Your assignment
Answer with the exact lines of the following material from the one containing "Introducing the Triple" through the one containing "Набор напильников GEDORE", both end lines included.

Entries shown

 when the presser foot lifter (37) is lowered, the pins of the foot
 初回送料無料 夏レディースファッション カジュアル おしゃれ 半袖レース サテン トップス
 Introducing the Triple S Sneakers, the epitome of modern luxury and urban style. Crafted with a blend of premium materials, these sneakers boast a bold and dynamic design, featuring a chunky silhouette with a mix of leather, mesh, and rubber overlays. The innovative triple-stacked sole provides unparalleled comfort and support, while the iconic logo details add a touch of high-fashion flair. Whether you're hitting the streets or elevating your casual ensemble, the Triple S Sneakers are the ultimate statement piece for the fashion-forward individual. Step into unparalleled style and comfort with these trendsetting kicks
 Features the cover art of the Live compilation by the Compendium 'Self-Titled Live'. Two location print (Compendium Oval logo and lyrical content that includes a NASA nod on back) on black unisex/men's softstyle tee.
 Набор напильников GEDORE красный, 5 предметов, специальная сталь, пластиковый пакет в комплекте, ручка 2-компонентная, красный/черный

--

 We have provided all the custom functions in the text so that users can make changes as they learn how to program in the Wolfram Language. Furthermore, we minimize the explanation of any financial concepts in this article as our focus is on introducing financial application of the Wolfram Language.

Response
 Introducing the Triple S Sneakers, the epitome of modern luxury and urban style. Crafted with a blend of premium materials, these sneakers boast a bold and dynamic design, featuring a chunky silhouette with a mix of leather, mesh, and rubber overlays. The innovative triple-stacked sole provides unparalleled comfort and support, while the iconic logo details add a touch of high-fashion flair. Whether you're hitting the streets or elevating your casual ensemble, the Triple S Sneakers are the ultimate statement piece for the fashion-forward individual. Step into unparalleled style and comfort with these trendsetting kicks
 Features the cover art of the Live compilation by the Compendium 'Self-Titled Live'. Two location print (Compendium Oval logo and lyrical content that includes a NASA nod on back) on black unisex/men's softstyle tee.
 Набор напильников GEDORE красный, 5 предметов, специальная сталь, пластиковый пакет в комплекте, ручка 2-компонентная, красный/черный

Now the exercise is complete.